I'll tell you why. Because UNION votes matter more than BLACK votes. Minnesota is a UNION stronghold. Their teachers, firefighters, public workers and COPS are all card carrying union members. Klobuchar, the Minneapolis mayor and the governor all belong to the most far Left version of the Democrat party and they embrace organizing as a means to achieve socialism. You may think you like socialism and even be promoting it as an alternative, but you haven't endured real socialism yet. Real socialism will tell you what to say, what to sing, what to do and can take it all away in a heartbeat if you don't conform. Cardi B, I'm not a fan. I know you like to parade around as some sort of limit breaking rebel but the fact is you are more a product of consumerism than anyone and every thing you promote says this. When the smoke clears, maybe you should have a long talk with the residents who didn't riot-the ones whose lives were immeasurably changed by a couple of thousand hedonists on the take. Trump didn't do this-Democrats did. Maybe it's time to wake up and smell the coffee. The party's over.

Schools & Society

I think this discussion gets into the role of schools in society. It used to be that a public school offered academics and that was it. You went to school, you learned a modicum of reading, writing, history, science and math and graduated, usually around 16 years old, to move into the military, working at the family business or, if you were especially intelligent and financially able, to a profession such as law or medicine.

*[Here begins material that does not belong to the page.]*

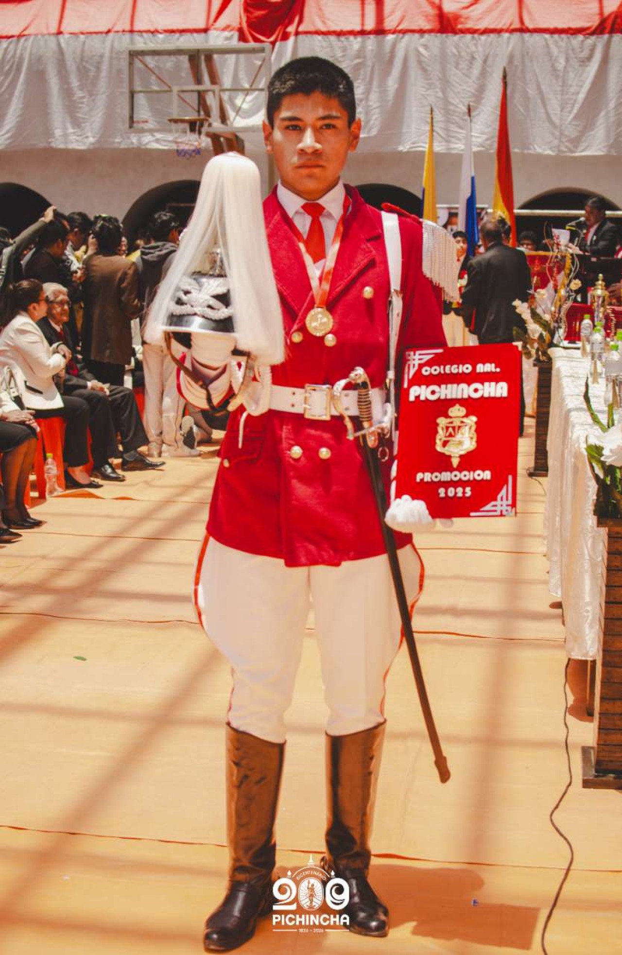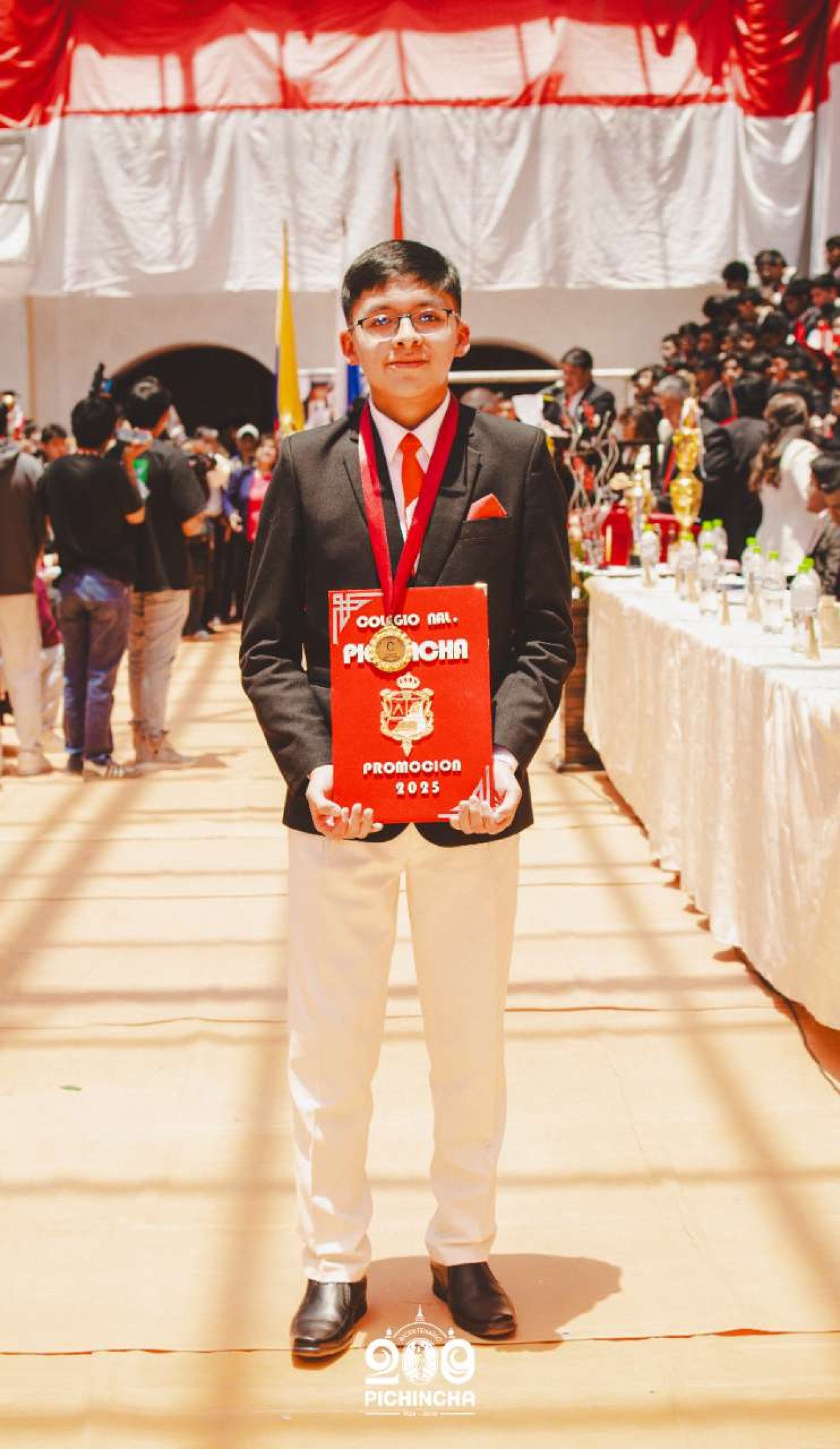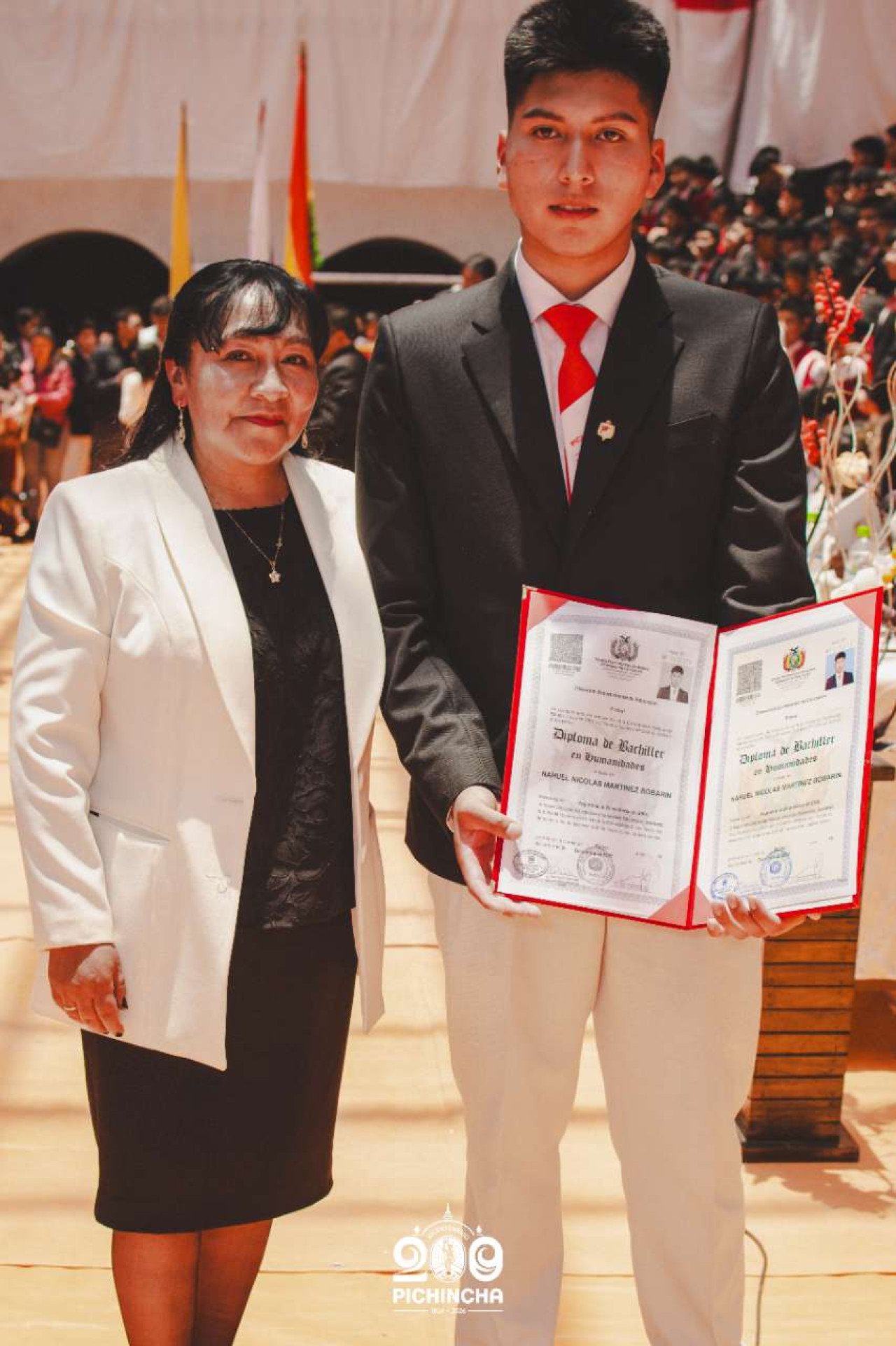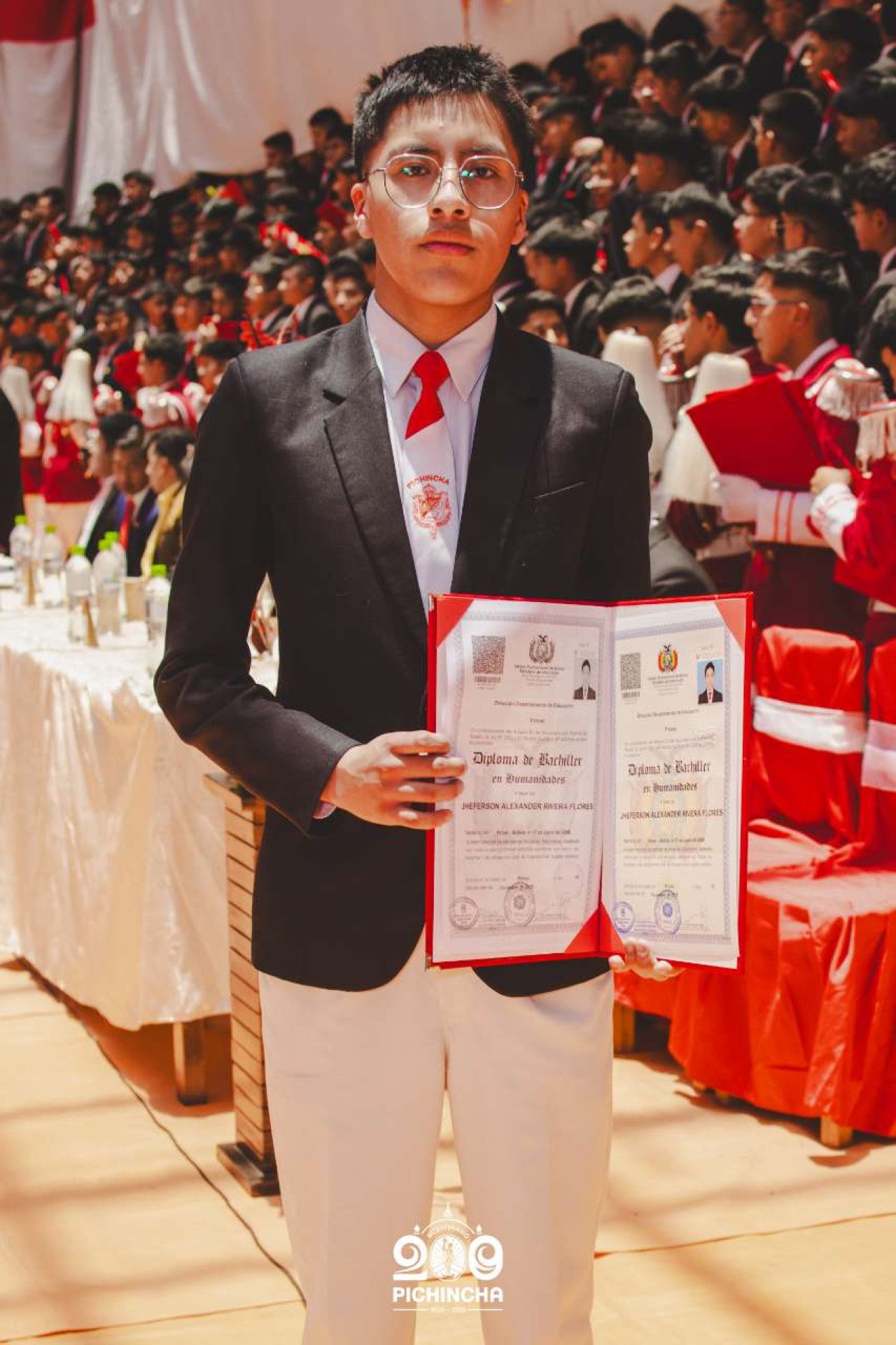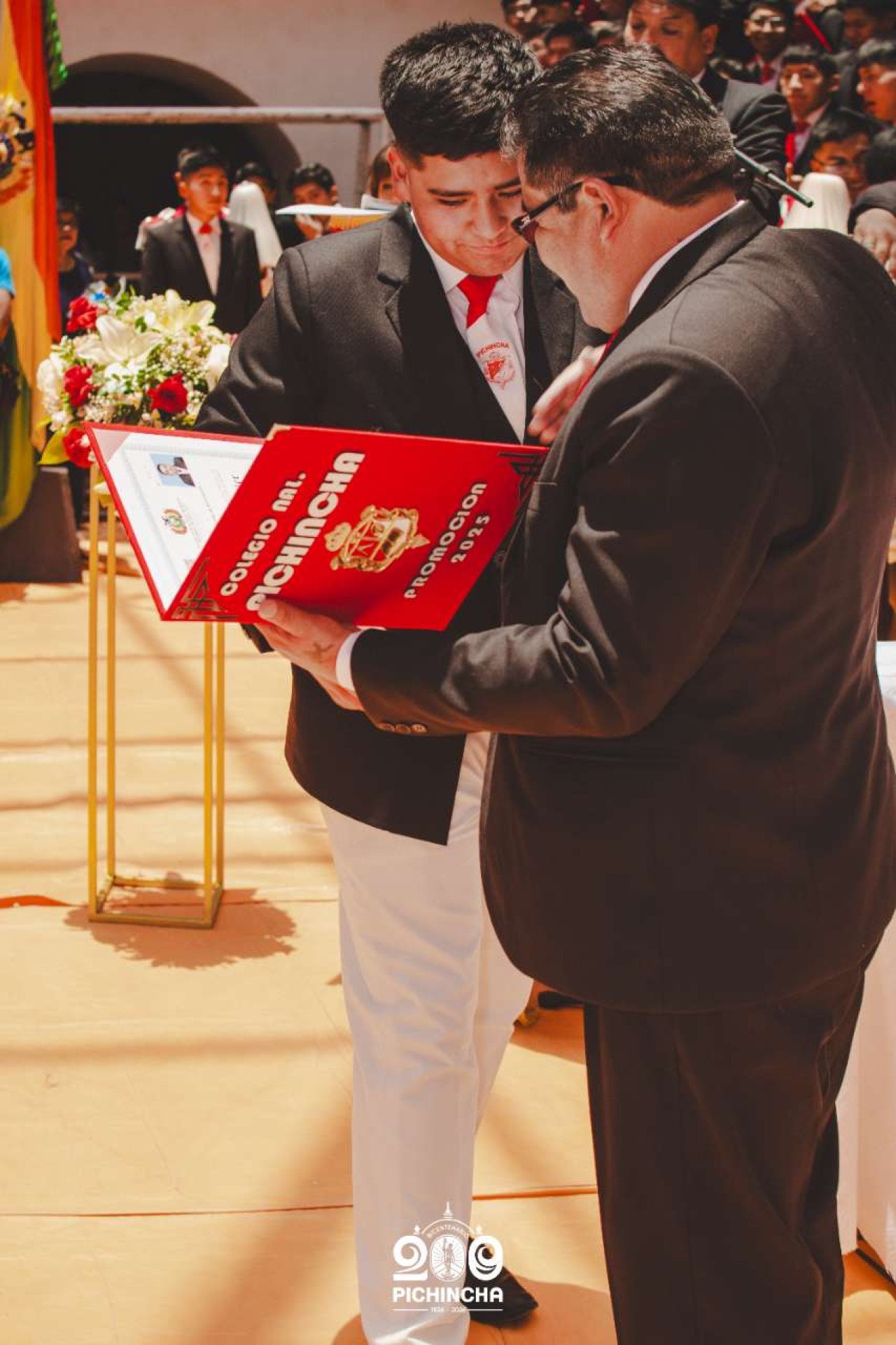 El Colegio Nacional Pichincha presenta las im谩genes de una jornada hist贸rica. Una nueva generaci贸n de bachilleres parte llevando el rojo y blanco y el lema "Constancia y Trabajo" en el coraz贸n.

Now schools function not just as education entities, but as mechanisms for social change. In some ways that is a good thing. Integration was certainly way overdue and providing adequate education for the physicially disabled was essential, especially after the polio outbreaks of the 1950's.  But as with all things, once power is given you cannot take it back.

We are seeing the third or fourth generation of students who have be indoctrinated into the concept of insured outcomes. That's important because it is not reasonable to expect all people will achieve the same levels of knowledge, ability or success. Yet this is the dogma of education now and is becoming the accepted norm for life in general. Unfortunately this is just not the case.

"You are not promised tomorrow" they say and that is true. You can be the most gifted musician, be in the youth orchestra, go to Julliard, be admitted to the symphony and still get hit by a truck while crossing the street without looking. Right now in the media, the concepts of public health being put forth by clinicians working with data is being pushed as the norm and it is not the norm. Any practicing physician can tell you there are going to be those patients who will die no matter what they do. To expect "all viruses" to go away is not just unrealistic, it's delusional. But for those who believe in insured outcomes, they would rather huddle in their homes for God knows how long rather than risk the less than 2% chance of death from the disease-and that number may be high.

I do think this episode is a cultural bending event. By that I mean the accepted current norms, which were largely based on a rental culture that lives in massive urban cores is being upended. Already the prices are dropping on urban studios and gentrified inner city houses. Young couples are becoming aware that raising a family might be easier in the less chic suburbs. Those folks who thought they were being somehow virtuous by taking up less space in an upscale urban apartment now wonder if they might feel more at home and secure in a suburb or exurb-all of which is contrary to what urban planners and futurists have been pushing for the last ten years.

I think some interesting things will happen as the result of this pandemic. I think families will be closer. I think more young kids will be educated at home until secondary school. I think the school classes that do form will be smaller out of public health necessity. I think more people will work at home at least part time. I think many Americans will be less willing to travel outside the country.